3. Bayesian Networks: Structure Learning with Genetic Algorithms

Files: BayesNetwork.ipynb, BayesNetwork_Restrictions.ipynb
Description: These notebooks focus on learning the structure of Bayesian Networks (represented as Directed Acyclic Graphs - DAGs) from data. It implements a search-and-scoring approach using a genetic algorithm with the BIC (Bayesian Information Criterion) score. The BayesNetwork_Restrictions.ipynb file explores methods for calculating dependencies and independencies between nodes.
Key Concepts:
- Representing Bayesian Networks as Adjacency Matrices (DAGs).
- BIC (Bayesian Information Criterion) as a scoring function for network structures.
- Genetic Algorithm components:
  - Population initialization with random DAGs.
  - Evaluation using the BIC score.
  - Parent selection (roulette wheel selection).
  - Crossover operations with random binary masks.
  - Mutation operations (add, delete, flip edges).
  - Acyclicity validation and repair mechanisms for DAGs.
- Mutual Information and Conditional Mutual Information for dependency analysis.
- Chi-square test for independence.
- Dependencies: numpy, pandas, networkx, matplotlib, scipy.
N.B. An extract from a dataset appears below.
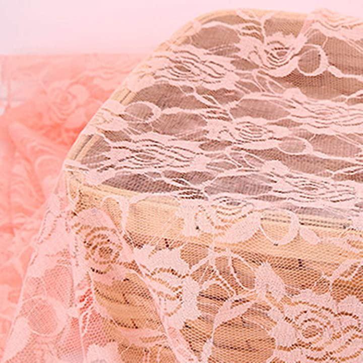 ・さらりと肌触りの良いレース 生地 カラー:ライトピンク(桃色) 長さ:約2mx幅1.5m 重量:約150g (1m2約50g) 素材:ポリエステル *手動計測の為長さに±数cmの誤差が有ります。

4. CAIM Discretization Algorithm

File: CAIM.py
Description: This script implements the CAIM (Class-Attribute Interdependence Maximization) algorithm, a supervised discretization method. CAIM aims to find optimal cut-points for continuous features by maximizing the class-attribute interdependence, ensuring high class purity within the resulting bins.
Key Concepts:
- Supervised discretization.
- Class-attribute interdependence.
- Algorithm steps: Candidate split points, frequency matrix construction, CAIM score calculation.
- Dependencies: numpy, pandas, sklearn.preprocessing.LabelEncoder.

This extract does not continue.